Investor allocations soar, but research is key to finding the sectors that will match future political decisions on climate change.

Clean tech – shorthand for the renewable energy and environmental technology sector – is where investors see the prospect for returns in the battle against global warming, despite talk of an asset bubble as the prices of some companies soar. In listed equities, a record 15.2% – €4.6bn ($6.5bn) from just over €30bn – of the total sales of global pooled equity funds in the first seven months of this year poured into ecological and environmental funds, according to data provider Lipper Feri. The same sector won only 2.6% of the total collect for 2006 and just 0.6% in 2005. In the unlisted sector, investment is also breaking records. From January to September this year, $5.7bn (€4.2bn) was invested in the sector, according to Venture Business Research. This figure was already 50% higher than the total of $3.8bn for 2006.

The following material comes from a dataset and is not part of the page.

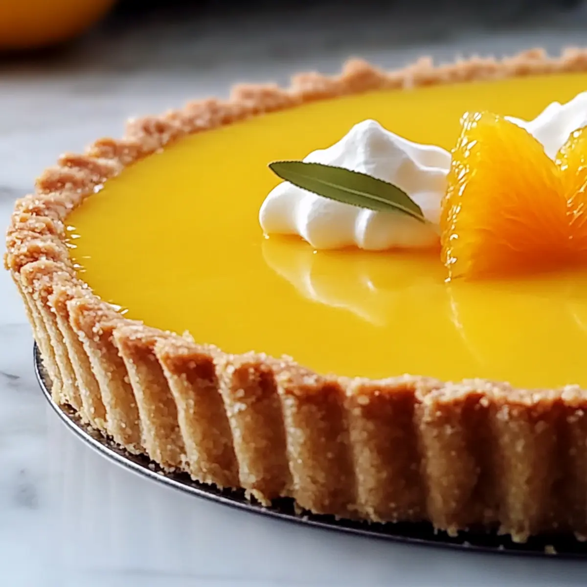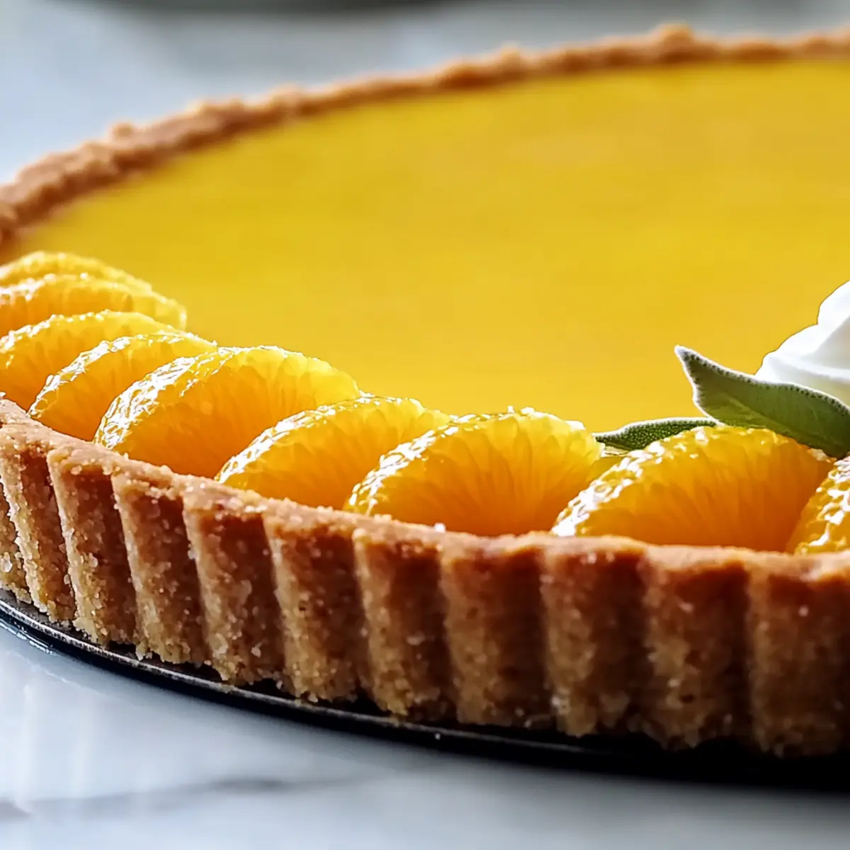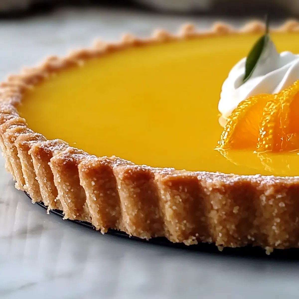 Jump to Recipe Print RecipeChasing the last rays of summer sun always leaves me with a craving for something zesty and refreshing. Enter the Classic Orange Tart, an elegant dessert that effortlessly combines the bright essence of oranges with a flaky, tender crust. What I adore most about this recipe is its simplicity—made with everyday ingredients, it’s not only easy to prepare but also a stunning make-ahead option for gatherings! This tart strikes a perfect balance of sweetness and tartness, transforming ordinary events into memorable culinary experiences. Imagine impressing your friends or family with slices of this citrus beauty at your next dinner party! Want to know how to make this showstopper? Let’s dive in! Why is This Orange Tart a Must-Try? Simplicity at Its Best: This Classic Orange Tart requires minimal effort, making it perfect for both novice bakers and seasoned chefs alike. Impressive Presentation: The glossy orange curd and flaky crust create a stunning centerpiece for any gathering that will leave your guests in awe. Make-Ahead Marvel: Prepare this tart a day or two in advance to save time, letting the flavors meld beautifully while you focus on other aspects of your event. Versatile Flavor: While orange is a star ingredient, feel free to swap in other citrus fruits for a unique twist, offering endless possibilities! Crowd-Pleaser: Everyone loves a citrus dessert, and this tart is sure to delight at your next dinner party or potluck. If you’re looking for more easy home-cooked ideas, check out these delicious Big Mac Wraps or Tomato Basil Bruschetta for inspiration! Classic Orange Tart Ingredients For the Tart Crust Oranges – Juicy citrus fruit providing the essential flavor of the tart; look for Navel or Valencia for the best results. Flour – Forms the base of the tart crust for structure; all-purpose flour works well here. Powdered Sugar – Adds sweetness to the crust while ensuring a fine texture; substitution not typically recommended. Almond Flour – Contributes a nutty flavor and tenderness to the crust; swap with all-purpose flour if needed, but this may alter the flavor. Salt – Enhances the tart flavor of the crust and balances sweetness. Butter – Essential for a rich, flaky crust; use cold, unsalted butter for optimal results. Egg Yolk – Adds richness and moisture to the dough, helping it bind together. Cold Water – Adjust moisture content to create the crust without overworking the dough. For the Orange Curd Filling Superfine Sugar – Used in the filling for smooth sweetness; regular granulated sugar can be substituted. Cornstarch – Serves to thicken the orange curd filling, resulting in a silky texture. Gelatin – Stabilizes the curd filling, ensuring it sets well; a vegetarian substitute can be used. For the Topping Heavy Cream – Whipped to top the tart, adding creaminess and elegance. With these delicious ingredients, you’ll be well on your way to creating a stunning Classic Orange Tart that will impress everyone at your table! Step‑by‑Step Instructions for Classic Orange Tart Step 1: Prepare Tart Dough Begin by combining flour, powdered sugar, almond flour, salt, and grated orange zest in a food processor. Cut cold, unsalted butter into cubes, adding it to the mixture. Pulse until it resembles coarse breadcrumbs, about 10 seconds. Add the egg yolk and a few tablespoons of cold water, pulsing briefly until the dough just comes together. Chill the dough in plastic wrap for at least 30 minutes. Step 2: Blind Bake Tart Shell Preheat your oven to 375°F (190°C). Roll out the chilled dough on a floured surface to a 12-inch circle, then carefully transfer it to a tart pan. Prick the bottom with a fork and chill the pan for another 15 minutes. Line the crust with parchment paper, fill with pie weights, and bake for 12-15 minutes until the edges are set. Remove the weights and parchment, then bake for an additional 10-12 minutes until golden brown. Step 3: Make Orange Curd Filling In a saucepan, gently heat fresh orange juice over medium heat. In a separate bowl, whisk together eggs, superfine sugar, and cornstarch until smooth. Gradually pour the hot orange juice into the egg mixture, whisking continuously to prevent curdling. Return the mixture to the saucepan, cooking over low heat while stirring constantly until it thickens, about 5-7 minutes. Remove from heat, and stir in softened gelatin and butter until fully incorporated. Step 4: Chill and Serve Once the orange curd is slightly cooled, pour it into the prepared tart shell, smoothing the top with a spatula. Cover the tart with plastic wrap and refrigerate for at least 3 hours, or preferably overnight, to allow the filling to set properly. Before serving, whip heavy cream with a dash of sugar until soft peaks form, then garnish the tart with whipped cream, fresh orange segments, and a sprinkle of crushed pistachios for a delightful touch. Expert Tips for Classic Orange Tart Proper Chilling: Chill the dough thoroughly before baking; this helps maintain its shape and ensures a flaky texture. No Overmixing: When combining the dough ingredients, mix until just combined to avoid a tough crust. Blind Bake Wisely: Remember to use weights while blind baking; it prevents the crust from puffing up and ensures even cooking. Temperature Control: Use low heat when making the orange curd; this prevents eggs from scrambling and gives a silky texture. Slicing Technique: For neat slices, use a sharp knife and wipe it clean after each cut; this preserves the integrity of your Classic Orange Tart. Classic Orange Tart Variations Customize your Classic Orange Tart with these delicious twists that will keep your taste buds tingling! Lemon Infusion: Swap oranges for fresh lemons to create a zesty Lemon Tart. The bright flavor will tickle your palate delightfully. Tropical Medley: Combine a mix of juicy citrus fruits, like grapefruit and lime, for a refreshing tropical twist. Each bite will transpo

As a result, new fund launches and successful private equity closes are monthly events. In September, Canadian investor services firm Criterion Investments launched its Global Energy Fund, advised by Pictet Asset Management. Criterion said the clean energy investment universe had a market cap of $1.4 trillion with expected capital flows of $70bn a year. Impax Asset Management recently announced a £100m fund-raising for a listed environmental fund while London-based Ludgate Investments listed a new environmental fund for pre-IPO clean tech firms.Climate Change Capital, the London-based boutique investment bank, raised €200m for its first private equity fund targeting European companies in green power, transport, energy efficiency, water and waste, including money from Dutch pension funds PGGM and ABP and the UK’s Universities Superannuation Scheme. The fund took Climate Change Capital’s assets under management to over US$1.5bn in the sector. Investment banks have been allocating significant capital to the area while asset managers are working with both equity and debt partners on clean tech funds.
Returns are buoyant. The Nex Clean Energy Index, which tracks 88 companies listed on 25 exchanges worldwide, has risen by 94.7% since January 1, 2006, outstripping most global benchmarks. Investments range across a huge number of nascent sectors: biomass, small scale hydro-electric power, biofuel, solar and wind energy and related technology and service providers.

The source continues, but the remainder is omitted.